In 2016, Art on the Underground commissioned artists Langlands & Bell to create an artwork to commemorate Frank Pick, the former CEO of London Transport, on the 75th anniversary of his death. The artwork Beauty < Immortality is located in a prominent place on the wall of the ticket hall, with a Frank Pick tube roundel and bronze lettering in Johnston – a typeface commissioned by Pick in 1915, which is still used across the London transport network today.

==Future==
Piccadilly Circus is a proposed stop on the Chelsea-Hackney Line, also known as the Crossrail 2. It would be between Victoria and Tottenham Court Road stations.

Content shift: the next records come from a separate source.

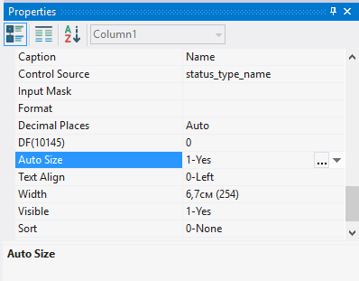 4.3.2.9. Select the last column and in the field Auto Size specify the value 1-Yes - column size will vary depending on the free space of the screen;
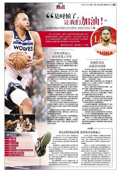 “是时候了,让我们加油!” 在个人社交媒体上,绰号“大锤”的李凯尔晒出身穿5号中国男篮球衣的照片,并配文:“是时候了,让我们加油!”至此,拥有1/8中国血统的凯尔·安德森(中文名为李凯尔)正式获得中国国籍,这也意味着中国男篮迎来了首位归化球员。 李凯尔 绰号:大锤 年龄:30岁 身高:2.06米 体重:104公斤 位置:前锋 生涯:2014年首轮第30顺位被马刺选中 效力:马刺、灰熊、森林狼 出场:574场NBA常规赛 官宣当天进入中国男篮人才库 中国篮协在微博写道:“欢迎李凯尔!在各方的推动和支持下,李凯尔已于今天上午获得中国国籍,并与中国篮协主席姚明见面。感谢各方的支持和帮助,感谢李凯尔家人的支持,感谢球迷和媒体长期以来对中国男篮的关注。” 早在十年前,中国男篮对于归化球员就持开放态度,但因为各种原因一直未能实现。到了今年,中国篮协主席姚明在接受媒体采访时也谈到了这一点。 “我们肯定是希望能提高国家队的技战术水平,但是还需要回归到符合国家的规定,符合规则才能进行,需要文化认可的任何球员,但是水平越高越好,我们不拒绝。” 也是从今年开始,外界就有归化李凯尔的声音,对此包括中国篮协和球员本人在内的各方都没有否认。但因为归化程序复杂、步骤繁琐,整个过程比外界想的要漫长很多。过去一段时间,多方为此努力,球员本人也是两次来到中国办理相关手续。在距离男篮世界杯开赛还剩一个月的时候,此事终于尘埃落定。 李凯尔也通过视频的方式与球迷们问好:“大家好,我是李凯尔,今天很高兴宣布,我将代表中国男篮出战世界杯,身披国家队战袍,是我的骄傲和荣幸,感谢球迷的支持!一起为中国男篮加油!” 昨天正式对外官宣后,李凯尔的名字出现在中国男篮五人篮球人才库当中,其中包括李凯尔的基本资料,还有关于其进攻、投篮、防守等方面的数据介绍。 在李凯尔完成归化手续后,球迷们已在网上热议中国男篮的先发阵容。看得出来,大家对于这名归化球员都是非常期待。 上届在家门口举办的世界杯,中国男篮遭遇沉重打击,球队丢掉了直通奥运会的门票。一个月后再战世界杯,球队希望能够打一场翻身仗,力争拿到巴黎奥运会的入场券。李凯尔的加盟,将会给予队伍很大的支持。 有望在深圳完成国内首秀 作为球员,李凯尔在2014年首轮第30顺位被马刺队选中。职业生涯曾先后效力马刺、灰熊、森林狼三支队伍。中国球迷看到他颇为亲切,一来其打球的动作很像在抡大锤,二来他的举止和动作与《万万没想到》中的角色王大锤有几分相似,因此球迷们给他起了一个亲切的绰号:“大锤”。 本赛季,李凯尔为森林狼队出战69场比赛,场均得到9.4分5.3个篮板4.9次助攻1.1次抢断和0.9次盖帽,外线命中率达到41%。 在场上,李凯尔的防守和投射特点鲜明。过往多年,锋线一直是中国男篮的软肋。 李凯尔的身高和长臂,可以在攻守两端给予球队更多支持。更何况,作为一名锋卫摇摆人,能胜任多个位置的李凯尔更符合球队要求。 目前,中国男篮正在欧洲进行备战,主帅乔尔杰维奇利用最后一个月的时间,加紧对球员们进行磨炼。此前在接受采访时,塞尔维亚人称李凯尔是一个非常有价值的球员,能够帮助球队。 从近期的热身赛来看,中国男篮表现平平,对阵克罗地亚队的比赛,球队的所有后卫累计出手18次,只命中1球,全队还出现了23次失误。相信李凯尔的加盟,会给球队带来很大变化。 有消息称,李凯尔近期将前往欧洲与中国队会合。8月上旬,中国男篮将在德国和意大利参加一系列热身赛,随后队伍返回国内做世界杯前的最后冲刺。 相信在下个月,李凯尔就将代表中国男篮出场比赛。8月下旬在深圳举行的“国际团结杯”,中国球迷非常有希望在家门口看到李凯尔身披中国队战袍出场的身影。 寻根 李凯尔的中国脉络 外曾祖父是客家人 1993年9月20日,凯尔·安德森在美国新泽西出生。2012年,他前往加利福尼亚大学洛杉矶分校读书。2014年夏天,参加NBA选秀的他,在首轮第30顺位被马刺队选中。 据资料显示,安德森外曾祖父李崇新是客家人,20世纪30年代由中国前往牙买加谋生。在当地,李崇新娶妻生了三个女儿,其中最小的就是安德森的外祖母玛丽安。 随后李崇新一家前往美国发展,玛丽安在结婚后生下一儿一女,女儿就是安德森的母亲苏珊娜。在高中时期,苏珊娜还是一名篮球选手,参加过美国女子篮球联赛。 后来苏珊娜嫁给了科尔文·安德森,他是一名高中篮球教练。因此他们的孩子凯尔·安德森有极高的篮球天赋,这再正常不过了。 2018年,在各方的帮助下,安德森与母亲苏珊娜、妻子克里斯特尔一同前往深圳龙岗新木新村寻亲。在这一幸福的时刻,家乡的亲人们打出“中国亲人热烈欢迎凯尔、苏珊娜、克里斯特尔回家”的横幅。 在家乡,三人受到了乡亲们的热情款待。他们不仅与亲友们一同祭祖,体验了当地的客家风俗,还与村民们亲切互动。李家长辈们更是将凯尔·安德森取名“李凯尔”,母子也写入了家族的族谱之中。 当时,李凯尔在接受采访时表示:“我母亲花了无数时间和精力去寻找远在中国的家人,我们一度担心家乡的亲人是否会接纳我们,但最终得到的只有热情和温暖。这里是我之前从未到过的地方,但给了我家一般的感受,这让我知道了自己的根在哪里。”如果李凯尔于8月在深圳的“国际团结杯”比赛中亮相,那在某种程度
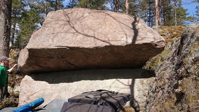 Stenen under är eliminerad. Grad såklart väldigt osäkert tills någon gjort FA. Start hängandes under på crimps, antagligen ut på läppen men eventuellt även gå under delvis.
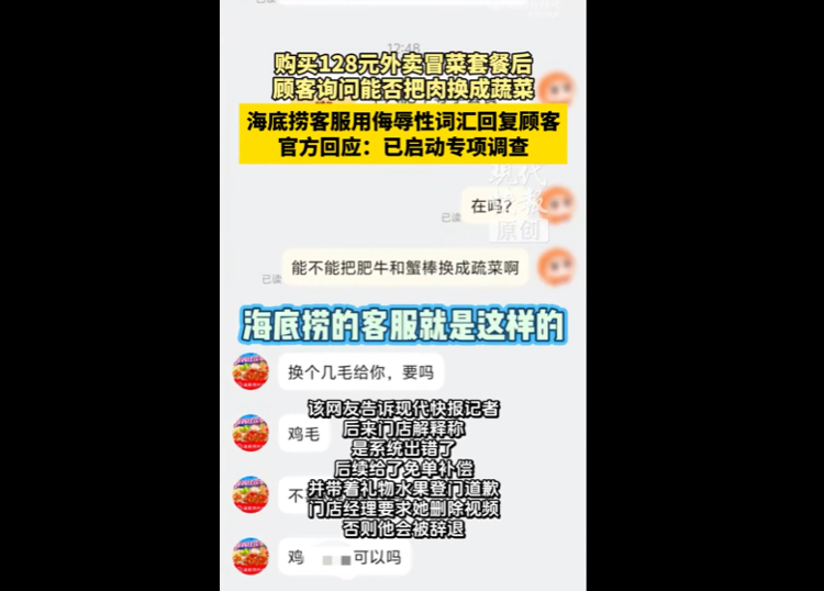 8月24日,内蒙古呼和浩特一名网友发视频称,自己通过外卖平台在当地一海底捞门店下单后,在咨询客服时,收到对方含有侮辱性词汇的回复。从当事人发布的聊天记录里可以看到,对方先是回复了“换个鸡毛给你”,然后紧接着又用谐音的形式说出了一句侮辱性词汇。

Effectively a new station would have to be built under the existing levels, possibly as part of a major overhaul of the existing buildings. However, there will only be a stop at Piccadilly Circus if the Chelsea-Hackney Line is part of the London Underground network and not part of the National Rail network. This is the same situation with many stations on the proposed route in Central London.

==Connections==
London Buses day and night routes serve the station.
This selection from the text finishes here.